Semi-Precious Beaded Fashion jewellery. Colour plays a very important role in my work.

The pictures are of my winter garden collection which will be for sale at MADE.

When and where did you first want to do what you do?
Standing in the Jewellery room at Liberty' in London, looking at the inspirational designer-maker pieces for sale at that time.

Who would you say buys your work?
Individual and creative women and those who buy for them.

How do you set about starting a new project?
I create mood boards that are a culmination of what has inspired me over the previous few months.

What do you have on your pinboard?
1950's Tikki style images of film posters, postcards of tropical foliage, collections of coloured stones and shell, experimental jewellery pieces,

Where and what is your studio?
My studio is based in an old mews property in north London, which is freezing in the winter and like an oven in the summer. Although the mews is full of rubbish bins belonging to the shops that back onto it, I have a beautiful little roof garden where a trainee horticulturalist friend of mine likes to experiment with new planting ideas. It started as a black garden, all black foliage and flowers and now has bright oranges and purples, cabbages, a grape vine and a weeping willow. I work alone, but listen to BBC London which keeps me sane! Vanessa Feltz, Robert Elms and Danny Baker are my constant companions.

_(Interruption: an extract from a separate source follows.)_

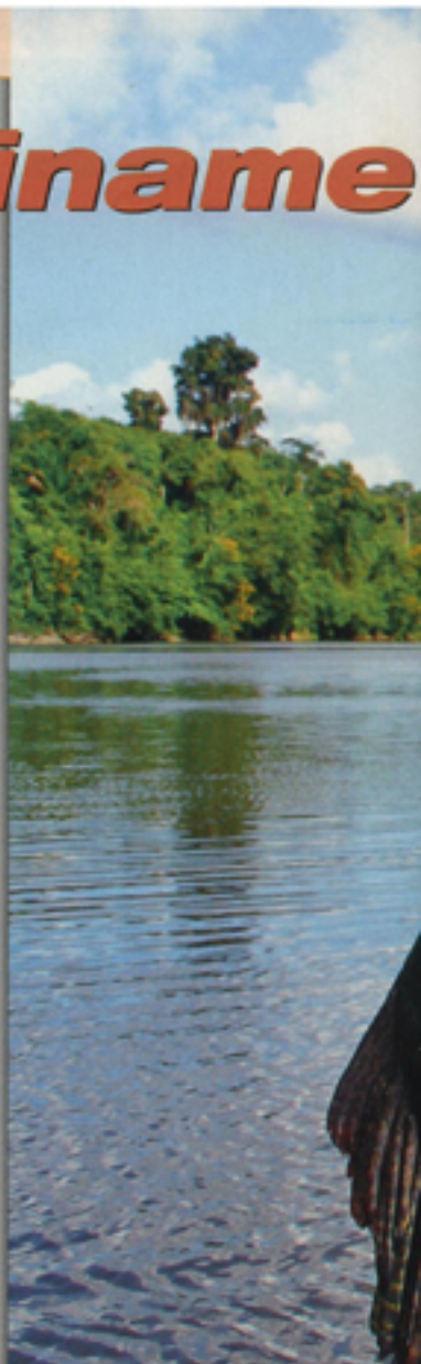
Het is onvoorstelbaar hoe sterk Karel Dawson 'in full action' op

Surprising activity/hobby?
I recently took up tap dancing which is great escapism!

Do you have a good work/life balance? Are you able to switch off from art work?
I rarely switch off. I constantly have design ideas racing around my head, too many to produce.

Do you think art and craft has any real importance?
I think art and craft is essential in this world of speed and technology. For makers and appreciators, it is a doorway through to the soul.

Are their other fields that you'd like to apply some facet of your work into?
I originally qualified in textile design. Publications such as 'Selvedge magazine' are really inspiring in their portrayal of textile designers and it's giving me a hankering to take up textile design again.

Can anything be 'art'?
If 'Art' stands for ideas then I guess anything may be art. But in this society it appears this only applies if the artist has a qualification.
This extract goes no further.